I noticed in passing that she made no mention of King Shrewd's evident refusal to act. I watched her. She moved leisurely and purposefully at once. The loose white sleeve that she drew back from her arm was already dripping with cold rain. She ignored it as she bared her pale arm, to reveal a snaking of gold wire up her arm, with the dark opals of her Mountains caught here and there in its web. I had seen the dark flash of Mountain opals before, but never ones of this size. Yet she held out her arm for me to unfasten the catch, and with no hesitation at all, she unwound the treasure from her arm. From her other sleeve, she drew a small velvet bag. I held its mouth open as she slid the bracelets into it. She smiled warmly at Duke Brawndy as she pressed it into his hand. "From your king-in-waiting Verity and me," she said quietly. I barely resisted Verity's impulse in me to fling himself on his knees at the feet of this woman and declare her far too royal for his insignificant love. Brawndy was left stuttering his amazed thanks and vowing to her that not a penny of its worth would go to waste. Stout houses would rise once more in Ferry, and the folk there would bless the Queen for the warmth of them.

I suddenly saw the reason for the Queen's Garden as a site. This was a Queen's gift, not contingent on anything Shrewd or Regal might have to say. Kettricken's choice of place, and her manner of presenting it to Brawndy, made that clear to him. She did not tell him to keep it secret; she did not need to.

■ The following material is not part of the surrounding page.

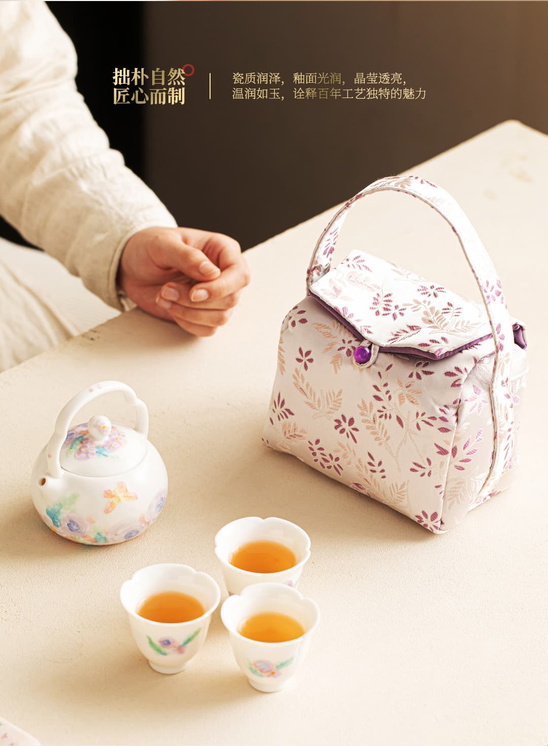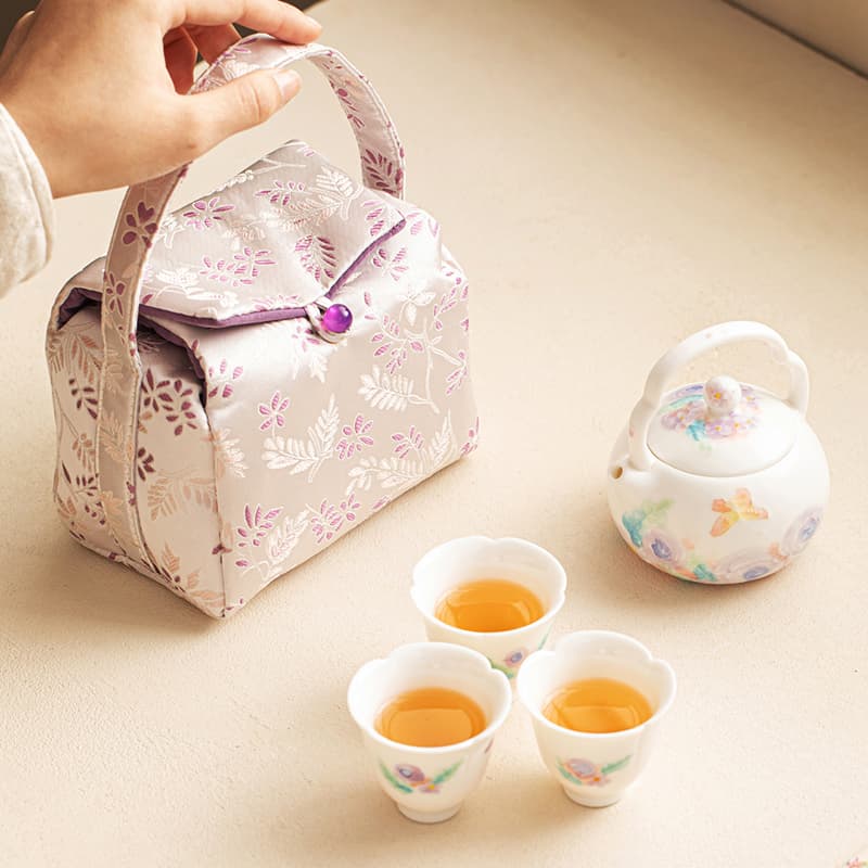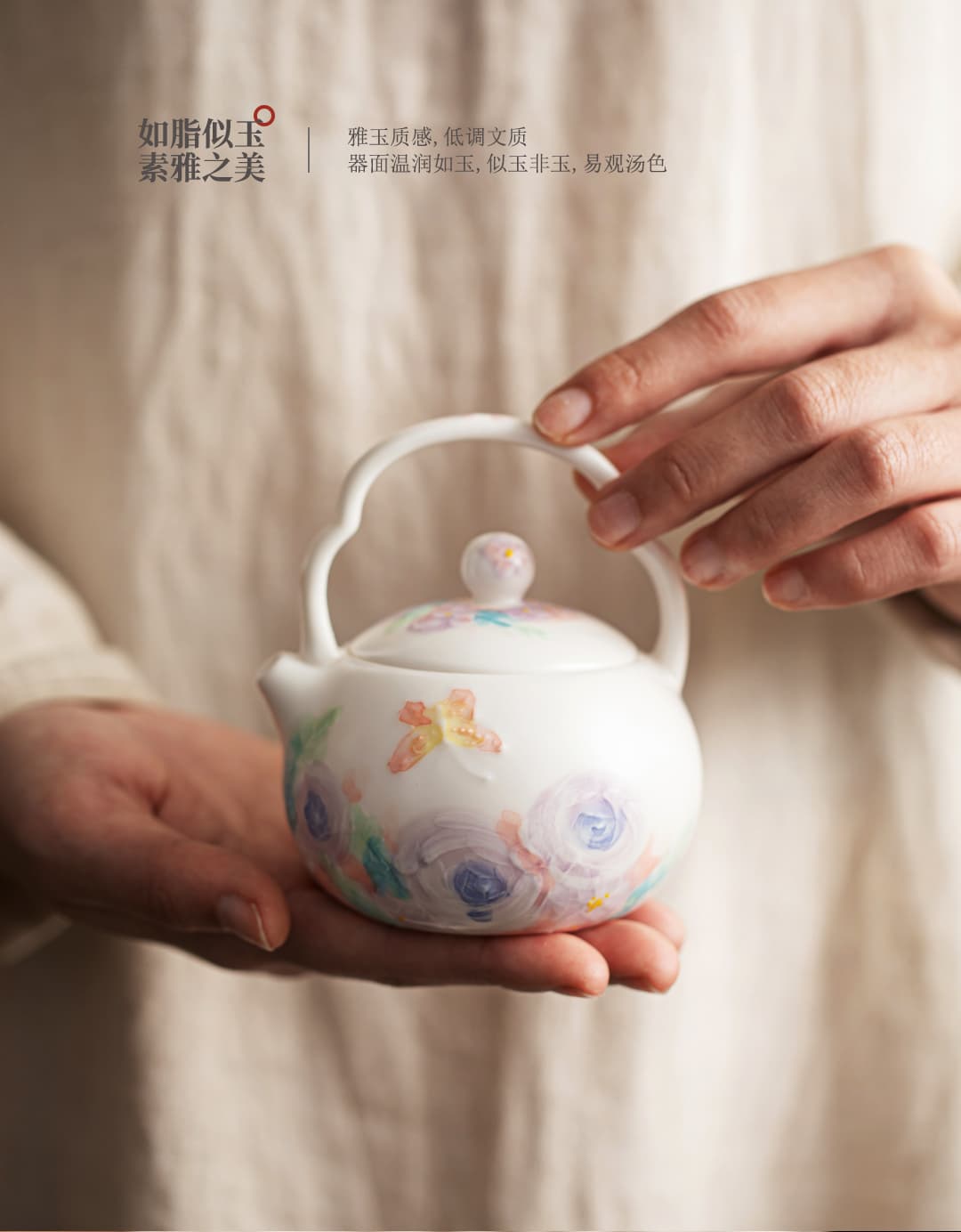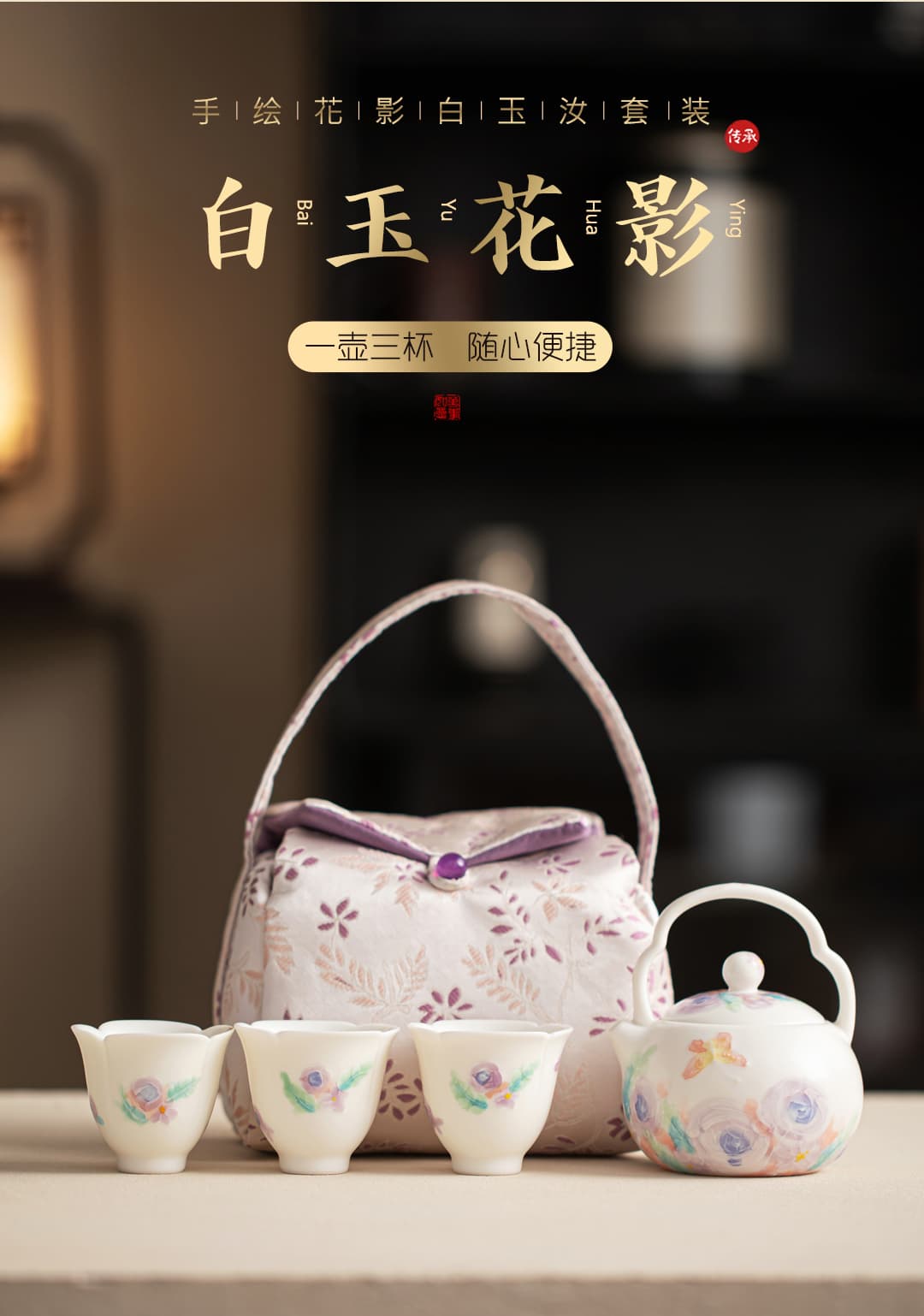 尾桥下窑白玉汝花影一壶三杯套装手绘陶瓷茶具礼品定制
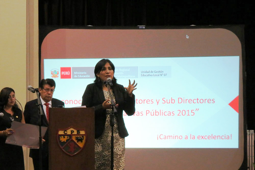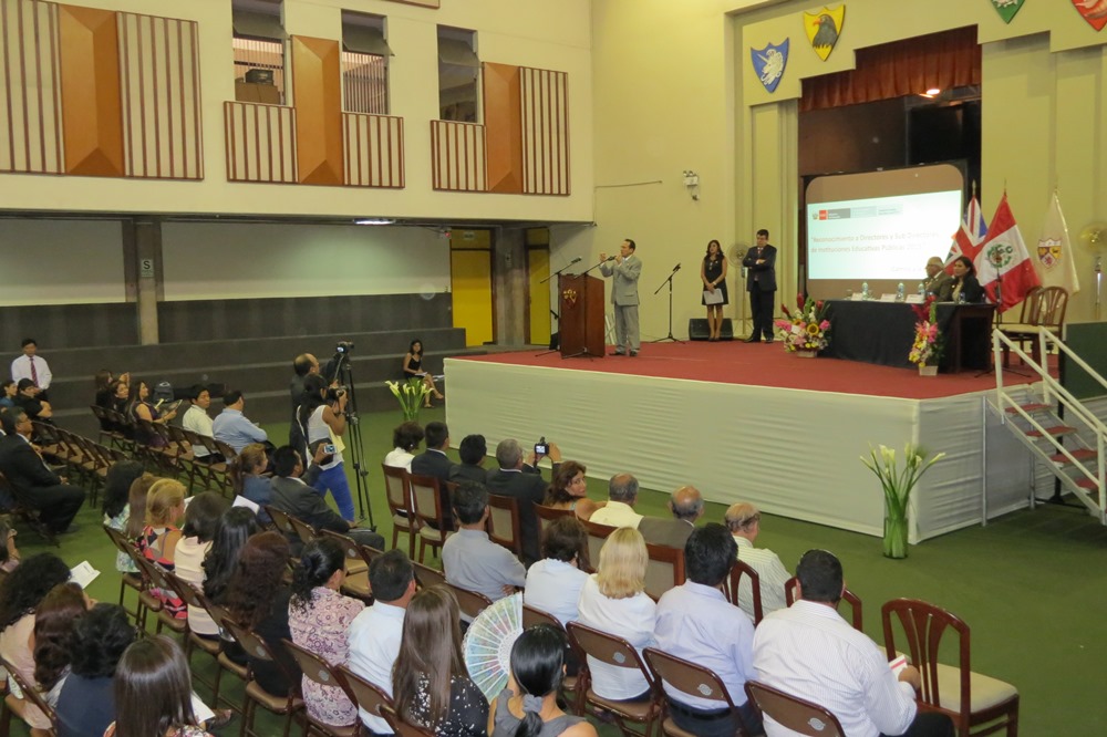 La ceremonia se realizó en las instalaciones del colegio Peruano – Británico en Surco, y estuvo encabezada por el director de la Ugel 07, Luis Quintanilla Gutiérrez y contó con la presencia de la Directora Regional de Educación de Lima Metropolitana (DRELM) Flor Pablo Medina, quien felicitó a los nuevos directivos y los exhortó a comprometerse para lograr una educación pública de calidad en Lima Metropolitana y a desarrollar los planes de gestión junto a los escolares, docentes y la comunidad educativa en general.

I thought of the emeralds hidden in a corner of my clothes chest, but within me Verity was quiet. I made no move to get them. I hoped to see Verity himself fasten them about his queen's neck one day. Nor did I wish to lessen the significance of her gift to Brawndy by adding another from a bastard. For that was how I would have had to present it. No, I decided. Let the Queen's gift and her presentation of it stand alone in his memory.

Brawndy turned from his queen to consider me. "My queen, you seem to hold this young man in considerable esteem, to make him privy to your counsels."

"I do," Kettricken replied gravely. "He has never betrayed my trust in him."